"Expect the unexpected, and you'll be fine."
Although I didn't appreciate it at the time, this is one of the best pieces of advice I received from a more experienced colleague before moving to Holland nearly 20 years ago, to live and work in a European Headquarters role.
I didn't appreciate it because I was looking for more direction. Specific strategies and rules to follow to insure that I would succeed in my new position, and be accepted by my European colleagues and subordinates. I wanted a template, a structure or a road map, and a detailed list of things to do and things to avoid doing.
I wanted to feel in control, and this guy was telling me to "expect the unexpected."
Not very helpful, I thought.
Of course, he was right. I learned pretty quickly that one of the few things we could count on working in Europe was that things would likely not go as we had planned.
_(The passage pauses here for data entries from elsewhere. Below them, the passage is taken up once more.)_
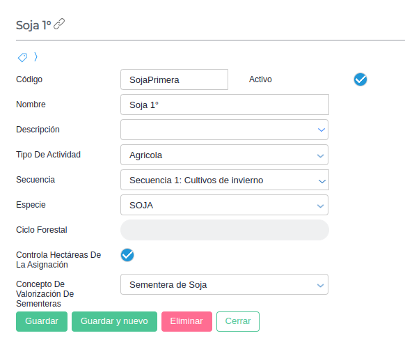 Concepto de valorización de sementeras: permite definir un concepto de valorización de sementeras default para la actividad. Al asignar actividades a establecimientos se autocompleta este valor.
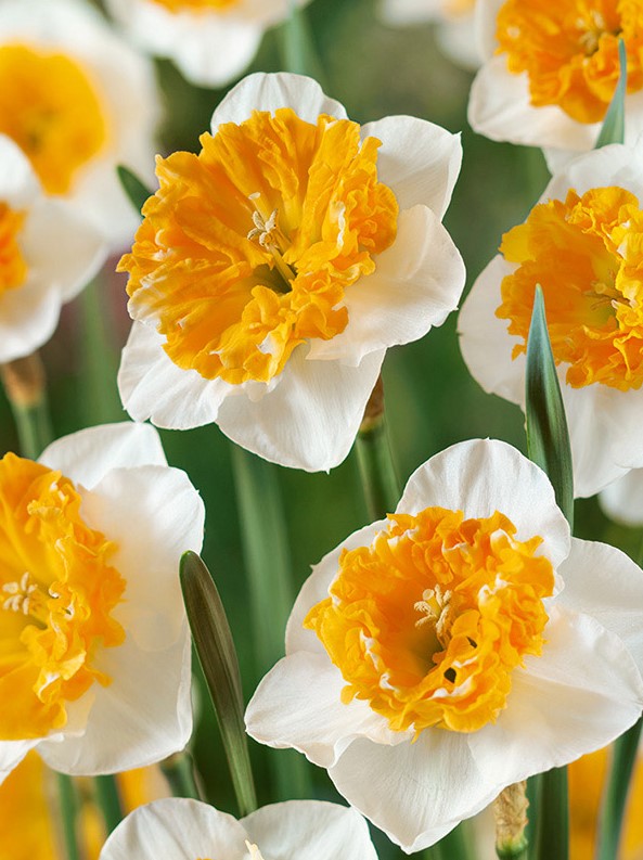Нарцис «Чардаш» належить до великокорончастих сортів і вирізняється яскравим, виразним забарвленням. Його велика, декоративна коронка насиченого кольору гармонійно поєднується зі світлими, ніжними пелюстками, створюючи ефектну контрастну композицію. Стебла міцні та прямі, що забезпечує стійкість квітки, а вузьке, зелене листя підкреслює красу та чіткість форми нарциса. «Чардаш» чудово підходить для висаджування у квітники, рабатки або для зрізання в букет, додаючи весняного шарму та яскравості будь-якому садовому ансамблю.
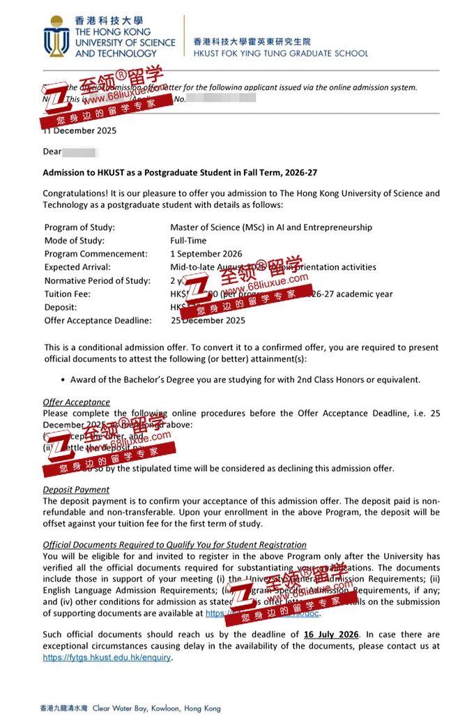 录取结果:香港科技大学,人工智能与创业硕士录取
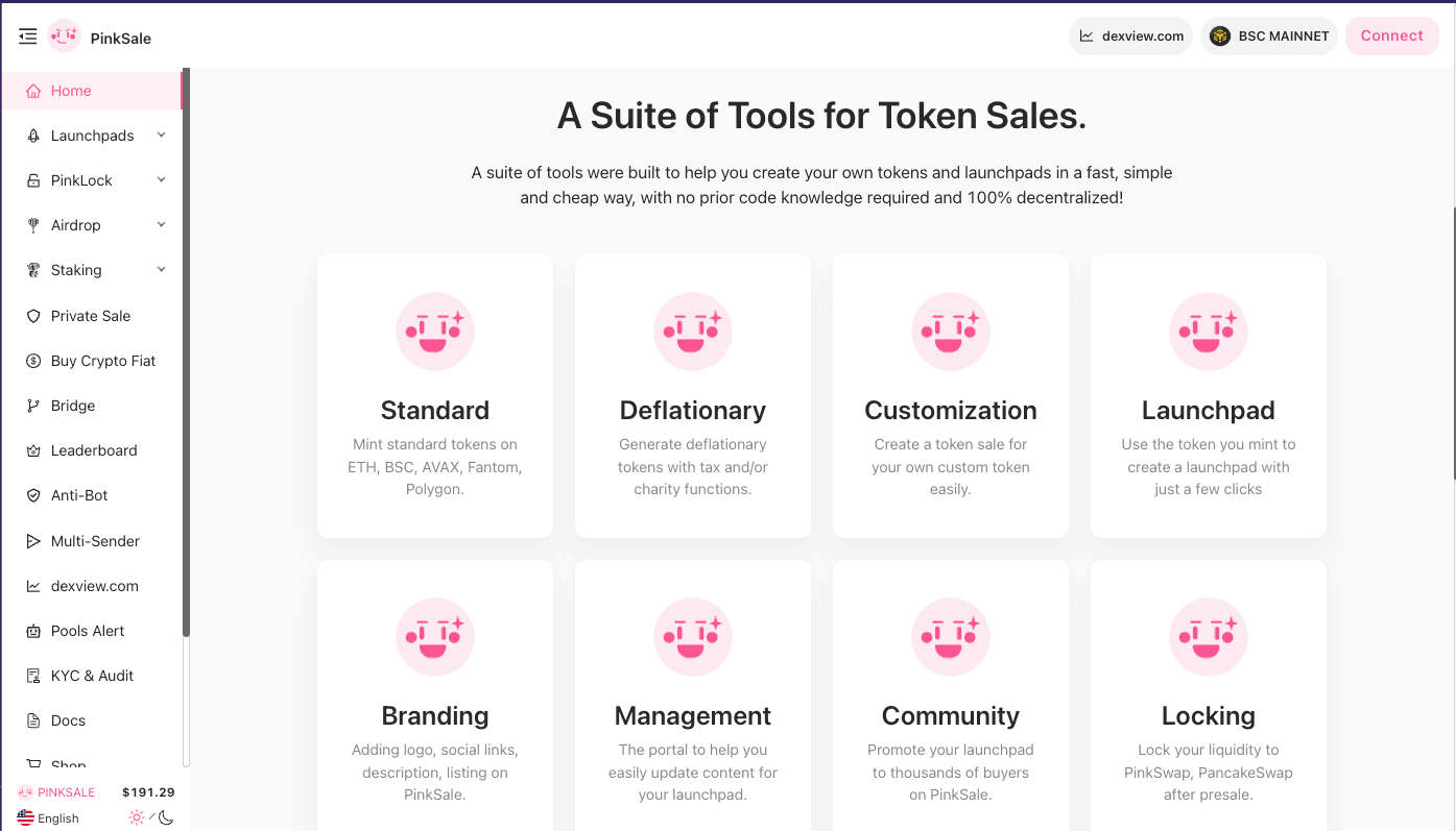 Other services offered by PinkSale include bridging capabilities, anti-bot program connected to the token's contract address, and multi-sending functionality to batch-send your new tokens to multiple addresses at once. With a slew of other supporting services available, Pinksale has almost all the ingredients you need to successfully launch your token not just on the BSC chain, but also Fantom, AVAX, Polygon, and ETH.

We had to learn to be flexible, and to adapt and respond to what was actually happening, not what we had hoped or expected would happen in any given situation.
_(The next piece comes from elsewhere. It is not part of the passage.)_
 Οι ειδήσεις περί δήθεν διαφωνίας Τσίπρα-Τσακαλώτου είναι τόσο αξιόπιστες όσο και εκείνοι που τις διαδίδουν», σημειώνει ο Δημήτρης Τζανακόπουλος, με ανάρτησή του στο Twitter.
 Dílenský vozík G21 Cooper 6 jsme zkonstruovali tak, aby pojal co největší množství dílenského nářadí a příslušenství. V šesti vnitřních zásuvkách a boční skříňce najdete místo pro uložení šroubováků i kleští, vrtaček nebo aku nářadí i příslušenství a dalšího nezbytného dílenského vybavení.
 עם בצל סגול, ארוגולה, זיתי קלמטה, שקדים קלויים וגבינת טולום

Since those days I've come to really appreciate the wisdom of those simple words, "expect the unexpected, and you'll be fine," and I find myself repeating them when someone asks for my advice.
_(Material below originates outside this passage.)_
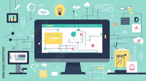 A website wireframe with UX design trends displayed on a large monitor, surrounded by creative tools and digital design elements
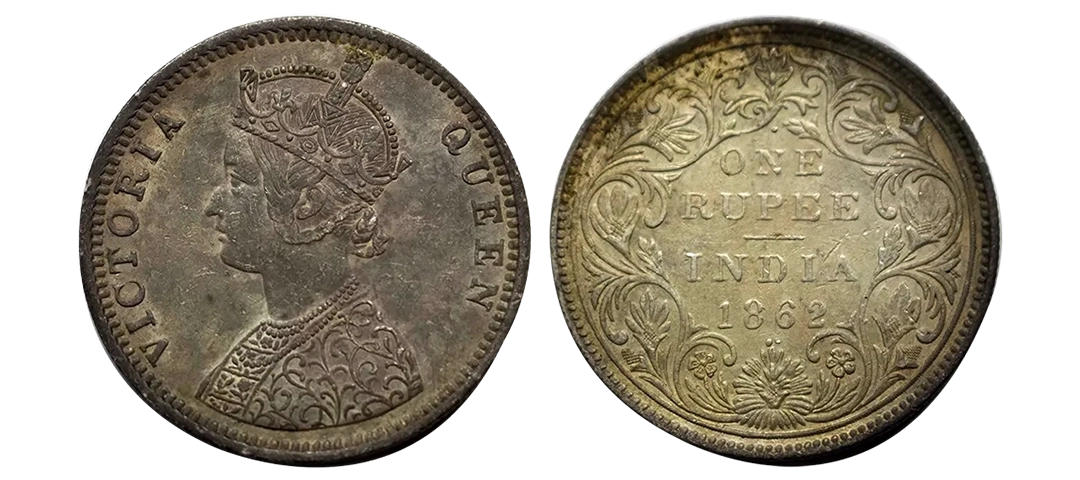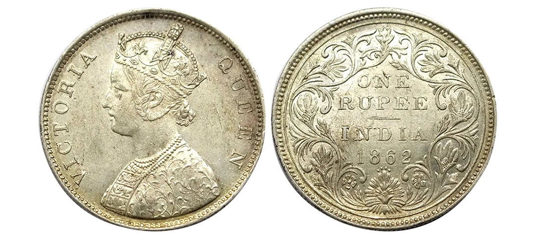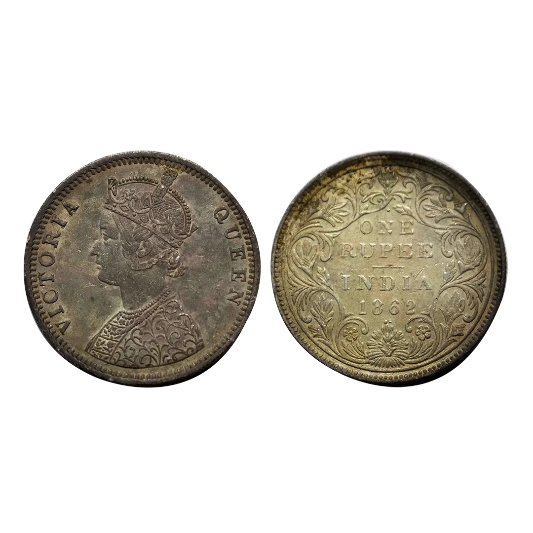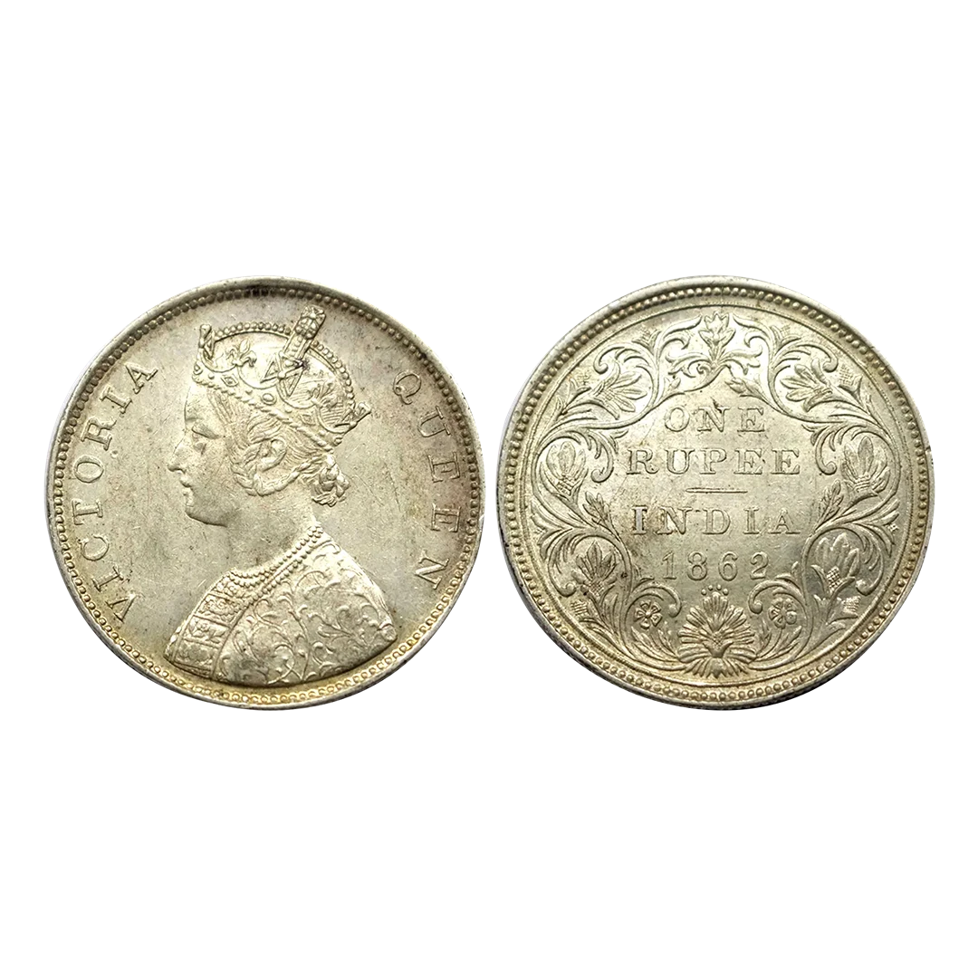 Victoria Queen, Gold Mohur, 1862, single flower in bottom panel of jabot, without V in Jabot (Prid 1), Very Fine+, Rare.

But I take it a step further, because I know now that just "expecting the unexpected" isn't really enough. What do you actually do once you've adjusted your expectations?
One of the best answers I've found came from an unexpected place---the world of improvisational theatre. I was searching for someone to help facilitate a creativity workshop with one of my clients a few years ago, and was lucky to be introduced to the talented team at On Your Feet in Portland, OR. They teach improv techniques (among other things) to business people to help improve collaboration and communication, inspire creativity and generate ideas.
Every time we work together I'm struck by how helpful the techniques and practices they teach would have been when I was trying to figure out what to do next in Europe, once I had accepted that it was necessary to "expect the unexpected."
In the introduction to his book, "Everything's an Offer,*" On Your Feet co-founder Robert Poynton describes the value of using improv techniques like this:
- "Improv doesn't give you a prescriptive plan, but gives you something to navigate by that helps you to make your own choices."
- "The method promotes adaptability, flexibility and creativity.
- "It comprises a small set of simple practices that can help you to communicate and build relationships or ideas, even when everything is in flux.
And my personal favorite:
- "Stuff happens and you can choose how to use it."
This is the kind of control I think I was looking for back in those early days in Holland, and I can see how the simple rules and practice of improv could have helped in so many ways.
Poynton notes that "the heart of this practice can be summed up in six words: let go, notice more, use everything.
Let go---how much more effective might I have been in my job if I could have easily let go of preconceived ideas about how employees should be motivated, how customers want to be treated, and what managers should expect of me? If I could have let go of the need to be right, or in control, or even comfortable?
Notice more---what if I had been a better observer, a better listener, and simply noticed more about what people were actually doing and saying and how they responded to what I did and said, rather than what I would have liked or expected them to do and say?
Use everything---and what if I had been taught to view everything as "an offer," and to practice accepting and building on offers, rather than rejecting them. Might I have reacted more gracefully and productively in some challenging intercultural situations, and saved myself and my Dutch colleagues a lot of stress and misunderstanding?
These days my advice to someone preparing to live and work in a new culture would be more like this:
"Expect the unexpected and learn to improvise. You'll be fine."
*Everything's an Offer: How to do more with less, by Robert Poynton, illustrated by Gary Hirsch. On Your Feet, 2008.